# Upland opener



## Ray (May 10, 2018)

Anyone going out?

I’ll be going after some grouse up in the Uintas on Saturday


----------



## Ray (May 10, 2018)

Saturday the 3rd, of course


----------



## middlefork (Nov 2, 2008)

Ray said:


> Saturday the 3rd, of course


I was having a WTF moment there LOL. Don't do that to old men.


----------



## Ray (May 10, 2018)

middlefork said:


> I was having a WTF moment there LOL. Don't do that to old men.
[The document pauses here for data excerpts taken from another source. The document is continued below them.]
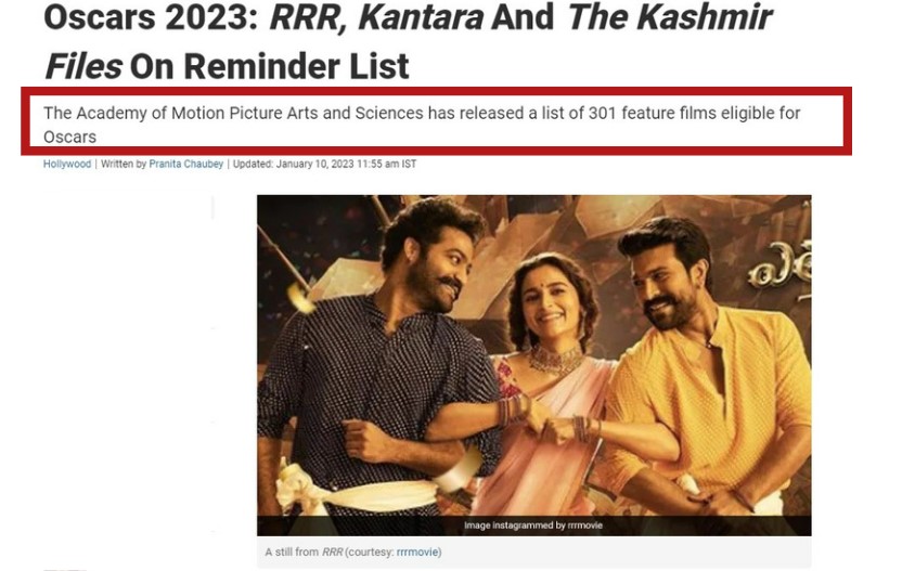 A Google search for “The Kashmir Files,” & “Oscar 2023” led us to a report by NDTV, dated January 10, 2023, titled ‘Oscars 2023: RRR, Kantara And The Kashmir Files On Reminder List.’ It stated, “The Academy of Motion Picture Arts and Sciences has released a list of 301 feature films eligible for Oscars and Indian films that have made the cut include SS Rajamouli’s RRR, Sanjay Leela Bhansali’s Gangubai Kathiawadi, Vivek Agnihotri’s The Kashmir Files and Rishab Shetty’s Kantara…”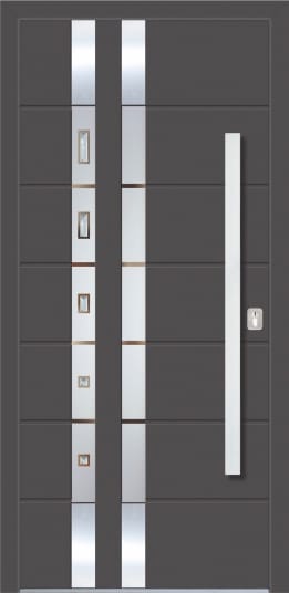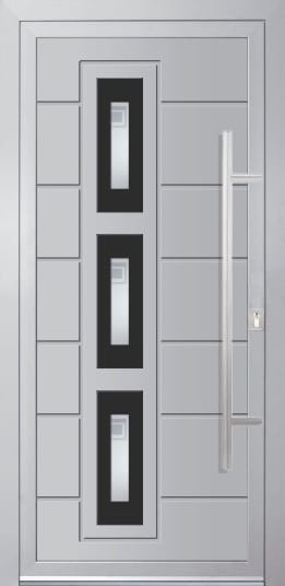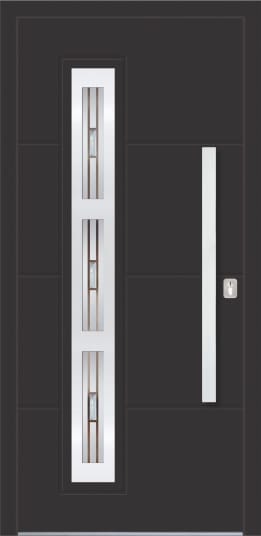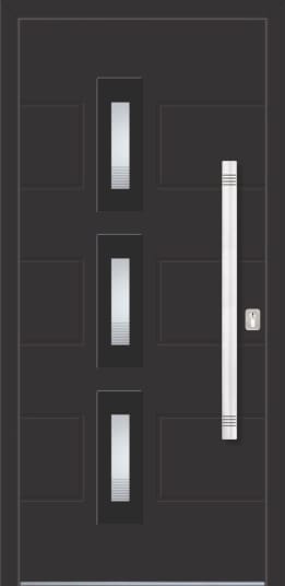 Trīs kameru durvju sistēma ar siltumizolāciju. Sistēmai ir komplanārās struktūras profili (griezuma atstarpe 18 mm) un iespēja izmantot stiklojuma lodītes standarta “euro” vītnei.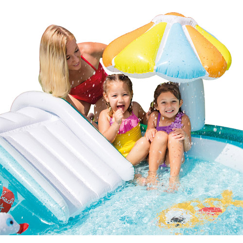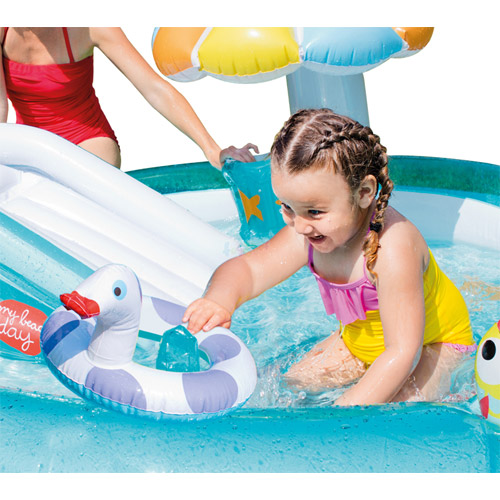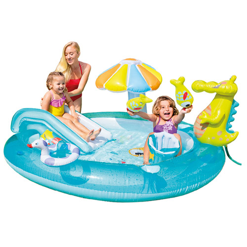 Nice pool for small children to refresh in the sultry summer days is this Crocodile play centre pool by Intex.
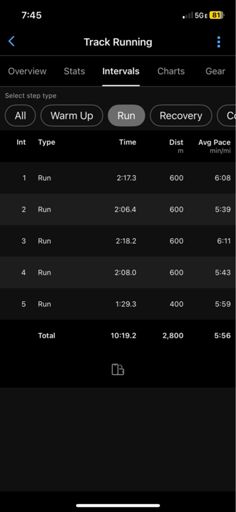 🎯 5 x 600m @ 5K-10K (400m Float) 🎯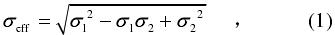 模型中的暗挖风道采用板单元模拟,其应力状态比较复杂。本文采用等效应力 σeff来描述暗挖风道的应力状态[15]。定义 σeff如下: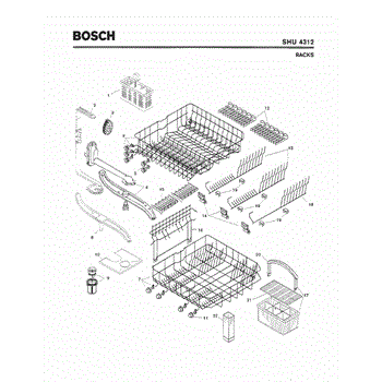 The Silverware Basket Assembly is an OEM part for Bosch dishwashers. This basket is located in the lower rack and is used to hold utensils securely during the wash cycle.
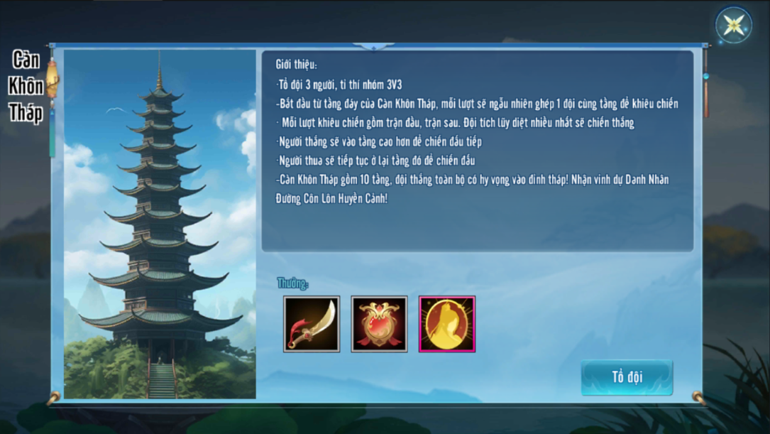 - Càn Khôn Tháp cần tổ đội 3 người mới có thể tham gia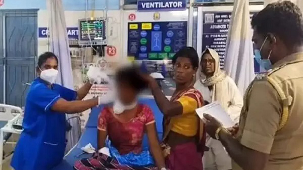 ரத்த வெள்ளத்தி்ல் கீழே சரிந்து விழுந்து ஆபத்தான நிலையில் இருந்த இளம்பெண்ணை அக்கம் பக்கத்தினர் மற்றும் அவரது குடும்பத்தினர்கள் 108 ஆம்புலன்ஸ் முலம் மீட்டு வாலாஜாபேட்டை அரசு தலைமை மருத்துவமனைக்கு தீவிர சிகிச்சை பிரிவில் அனுமதிக்கப்பட்டார்.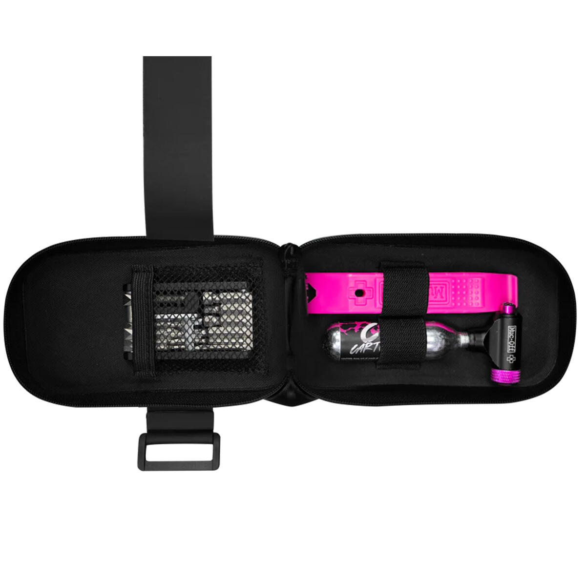 - Designed to fit inner tube, Muc-Off mini pump or CO2 inflator, Rim Stix, multi-tool, Repair Kit, and other accessories (not included)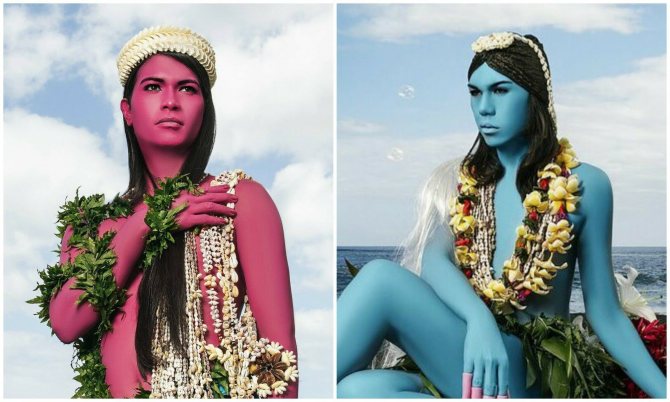 ポリネシアの島々の先住民の姿は、いくつかの民族の特徴的な違いが組み合わさっていることがよくわかる。顔立ちや肌の色は、黒人とモンゴロイドの両方の特徴を備えている。しかし、ポリネシア人はネグロイド系とは異なり、肌の色が明るく、鼻が目立ち、顔立ちがやや大きいなどの特徴がある。

😂 after I read it again I knew people would think I meant this Saturday


----------



## MooseMeat (Dec 27, 2017)

I have a crane tag… I dunno if that counts as upland


----------



## Ray (May 10, 2018)

MooseMeat said:


> I have a crane tag… I dunno if that counts as upland


😂 I’ll allow it!


----------



## Bax* (Dec 14, 2008)

I may end up packing my shotgun. 

I’ll be camping that weekend but I’m skeptical as to whether or not I’ll see anything given how many ATVs will be around

I really need to buy something like a Tuffy 410 to carry on my ATV that I can beat up


----------



## Ray (May 10, 2018)

Bax* said:


> I may end up packing my shotgun.
> 
> I’ll be camping that weekend but I’m skeptical as to whether or not I’ll see anything given how many ATVs will be around


you going to be up in the Uintas?


----------



## DallanC (Jan 13, 2009)

We'll be up camping, moose scouting and some fishing. Will have shotgun in the truck for the unlucky grouse we run across.

-DallanC


----------



## Ray (May 10, 2018)

DallanC said:


> We'll be up camping, moose scouting and some fishing. Will have shotgun in the truck for the unlucky grouse we run across.
> 
> -DallanC


you check that spot I sent you? There are always bulls in there, I can go into with you, even


----------



## DallanC (Jan 13, 2009)

Not yet, soon though. This summer has been crazy busy but now its time to shift gears and start looking for moose. Hit a spot Sunday to look it over and found a small bull, first one so far.

-DallanC


----------



## twinkielk15 (Jan 17, 2011)

I'll be up around Strawberry if I can find an empty canyon. Doubt I'll shoot anything with a brand new pup, but looking forward to it either way.


----------



## MrShane (Jul 21, 2019)

Sep 1st Doves!


----------



## colorcountrygunner (Oct 6, 2009)

I'll more than likely be bowhunting elk still, but I will have a dedicated grouse arrow or two in my quiver.


----------



## knight (Aug 19, 2014)

1st and 2nd I should morning hunts in for grouse and hoping Labor Day. Just need my wirehair to point them.


----------



## Ray (May 10, 2018)

knight said:


> 1st and 2nd I should morning hunts in for grouse and hoping Labor Day. Just need my wirehair to point them.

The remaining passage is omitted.